Data excerpt »
◆ ◆ ◆ ◆ ◆ ◆ ◆
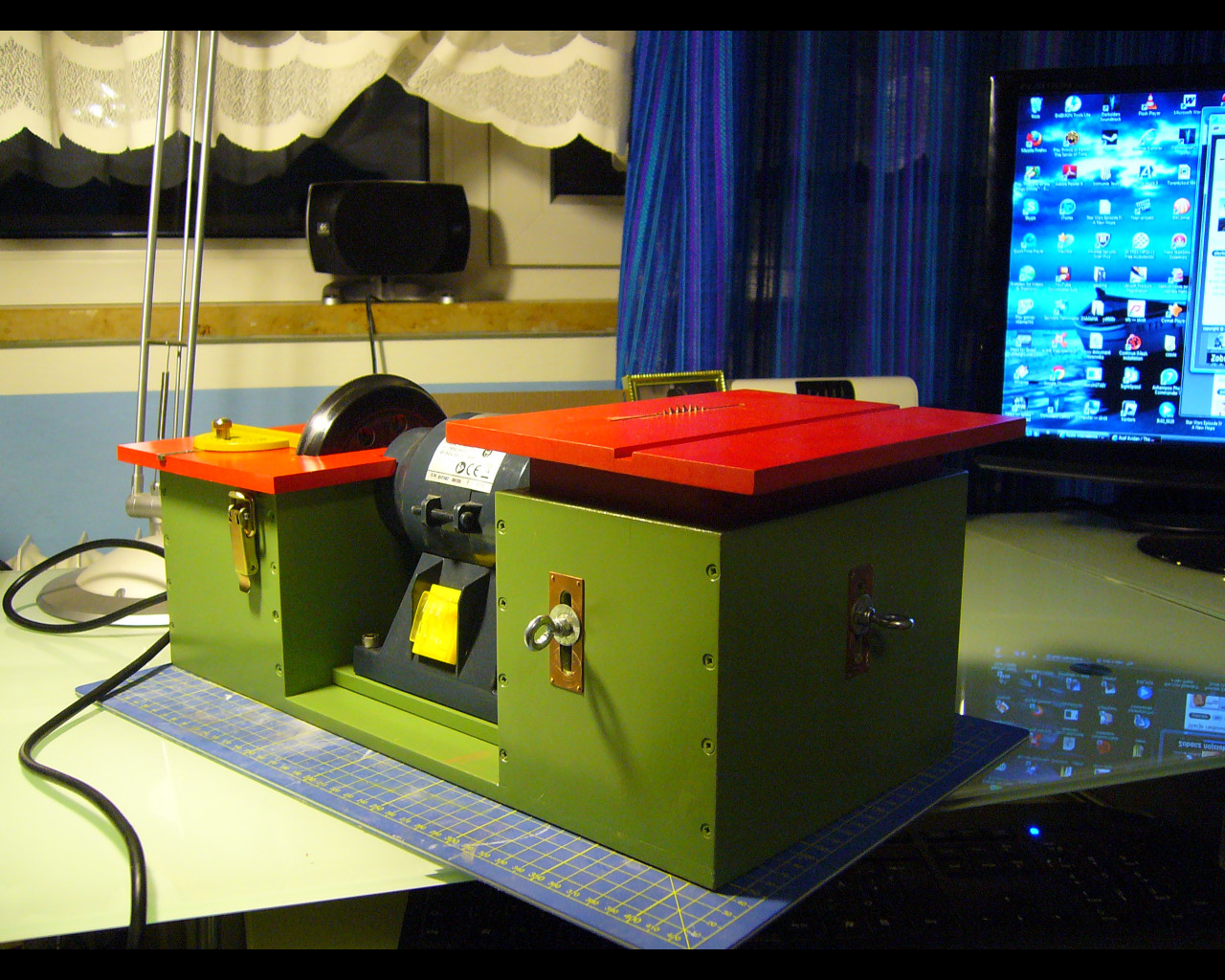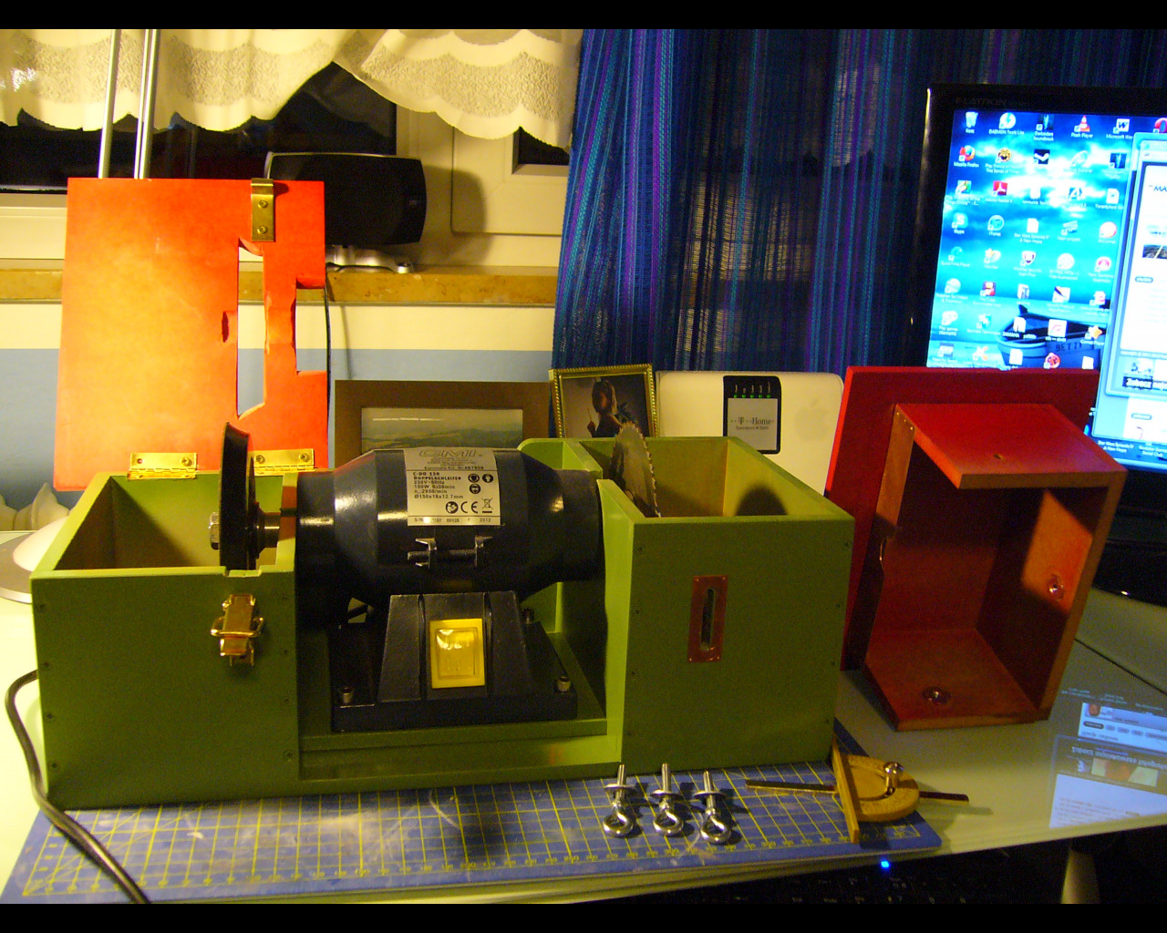 Witam i chcę wam pokazać moją wersje urządzenia według pomysłu RomkaS , Oczywiście żeby nie było wprowadziłem małe zmiany w projekcie które dały mi możliwość ustawiania wysokości blatu dla piły ,a na szlifierce przykręciłem kółko do szlifowania o średnicy 125mm zmiana papieru powinna być bardzo szybka :D . całość wykonana z płyty mdf10mm pomalowana sprajem . Z pewnością gdy zacznę korzystać z urządzenia wyjdą wszystkie niedoskonałości po usunięciu których otrzymam w pełni funkcjonalne narzędzie modelarskie :D A jag by co to muszę zamówić jeszcze frez ale to dopiero na święta , i będzie można pokazać piłę w akcji :)
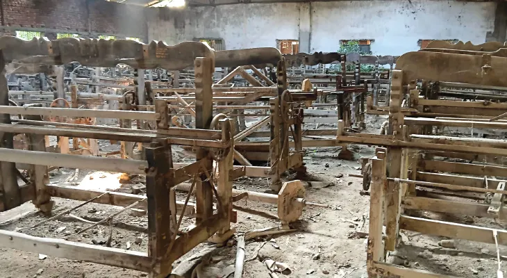 সংবাদদাতা, কাটোয়া: পনেরো বছর ধরে বন্ধ হয়ে পড়ে রয়েছে কেতুগ্রামের উদ্ধারণপুরের তাঁত সমবায়। তাঁত শ্রমিকরা কাজ হারিয়েছেন। এক সময়ে এখানকার তাঁতের শাড়ির কদর ছিল। সে সব সোনালী দিন আজ অতীত। বিশাল কারখানা পড়ে পড়ে নষ্ট হচ্ছে। কারখানাগুলি থেকে হাপিশ হচ্ছে যন্ত্রাংশ। বেদখল হচ্ছে জায়গা। ঝোপ জঙ্গলে ভরে গিয়েছে সমবায়ের ভবন, কারখানা। সমবায় পুনুরুজ্জীবিত করার দাবি তুলছেন স্থানীয়রা।
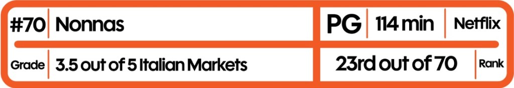 Following my last movie watched, anything would be better. Thankfully, this was a good one. This film is based on Joe Scaravella, the owner of an Italian restaurant that operates with actual grandmothers as the chefs. Vince Vaughn plays Joe, and he is pretty good in this. He really conveys the grief and sadness that losing a loved one entails. The supporting cast is good in this too. Our nonnas are played by Susan Sarandon, Lorraine Braccco, Talia Shire, and Brenda Vaccaro. I will say this about the film: it’s aggressively Italian. It is also beat to have two of the nonnas be Connie Corleone and Karen Hill. There is an extra level to this when you learn Stallone considered Sarandon for Adrian in Rocky, before going with Shire. This was a pretty straightforward Netflix movie, that was also kind of comforting.
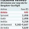 Rival airlines have already cut fares in the Bangalore-Goa sector to take on AirAsia India. On Thursday, budget carrier SpiceJet announced special promotional fares on the Chennai-Bangalore and Bangalore-Goa routes by offering tickets as low as Rs 1,499, excluding statutory taxes. This limited inventory offer is for travel dates from June 12 onwards, the airline had said. Currently, one-way tickets on SpiceJet and GoAir are available at an all-inclusive fare of Rs 2,058 on the Bangalore-Goa route.
◆ ◆ ◆ ◆ ◆ ◆ ◆
Print the data above from its first line through the line that has "সংবাদদাতা, কাটোয়া: পনেরো", exactly and with nothing else, omitting pictures.

 Witam i chcę wam pokazać moją wersje urządzenia według pomysłu RomkaS , Oczywiście żeby nie było wprowadziłem małe zmiany w projekcie które dały mi możliwość ustawiania wysokości blatu dla piły ,a na szlifierce przykręciłem kółko do szlifowania o średnicy 125mm zmiana papieru powinna być bardzo szybka :D . całość wykonana z płyty mdf10mm pomalowana sprajem . Z pewnością gdy zacznę korzystać z urządzenia wyjdą wszystkie niedoskonałości po usunięciu których otrzymam w pełni funkcjonalne narzędzie modelarskie :D A jag by co to muszę zamówić jeszcze frez ale to dopiero na święta , i będzie można pokazać piłę w akcji :)
 সংবাদদাতা, কাটোয়া: পনেরো বছর ধরে বন্ধ হয়ে পড়ে রয়েছে কেতুগ্রামের উদ্ধারণপুরের তাঁত সমবায়। তাঁত শ্রমিকরা কাজ হারিয়েছেন। এক সময়ে এখানকার তাঁতের শাড়ির কদর ছিল। সে সব সোনালী দিন আজ অতীত। বিশাল কারখানা পড়ে পড়ে নষ্ট হচ্ছে। কারখানাগুলি থেকে হাপিশ হচ্ছে যন্ত্রাংশ। বেদখল হচ্ছে জায়গা। ঝোপ জঙ্গলে ভরে গিয়েছে সমবায়ের ভবন, কারখানা। সমবায় পুনুরুজ্জীবিত করার দাবি তুলছেন স্থানীয়রা।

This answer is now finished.